Apple has sharply increased iPhone exports from India to the U.S., doubling shipment value in April 2025 compared to the same month last year. According to government figures, the total value reached ₹17,219 crore (around $2.03 billion).
This shift reflects Apple’s efforts to reduce reliance on Chinese factories. The company is responding to rising U.S. trade barriers and ongoing geopolitical tensions. By moving more production to India, Apple avoids new tariffs while strengthening supply chain resilience.

Most U.S. iPhones Now Come from India
Apple CEO Tim Cook confirmed that over 50% of iPhones sold in the U.S. during Q2 2025 were made in India.
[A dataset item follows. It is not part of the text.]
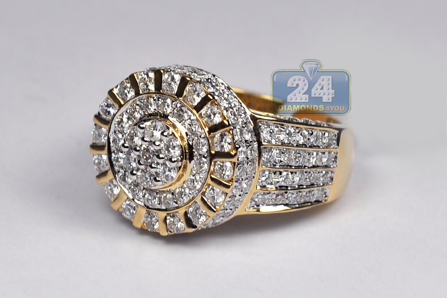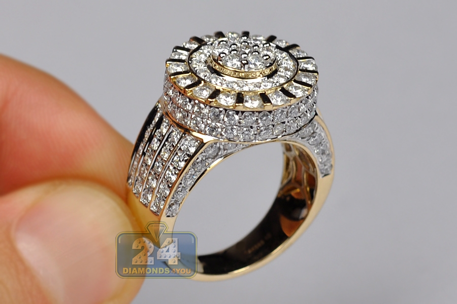 Breathtaking creation, our diamond round ring is an exotic find for upscale men! It is artfully made of warm 14k yellow gold, and carefully polished to get ultra shiny smooth finish. The head and shoulders of this pinky ring are encrusted with 4.04 carats of icy white round brilliant-cut genuine diamonds. Round-shaped top measures 18 mm in width, and the shank is 5 mm. Our mens diamond ring is the red carpet worthy of...

Data from The Times of India shows a steep rise in India-to-U.S. exports: in March, 97.6% of India’s iPhone shipments went to the U.S., up from 81.9% in January.
Apple’s contract manufacturers, including Foxconn and Tata, have expanded local operations to meet growing demand. These partners are building new facilities across India, aiming to support full-scale production of the iPhone 18 for the U.S. market by late 2026.
Apple’s Long-Term Plan for Supply Chain Diversification
This move isn’t just about avoiding current tariffs. Apple is investing in India as a core part of its global strategy. Even though the U.S. government offered temporary tariff relief on some Chinese goods, Apple continues to push forward with its India expansion.
The company sees India as more than a backup—it’s building a robust, long-term production base. With new factories, growing exports, and government support, Apple is shaping India into a key player in its supply chain.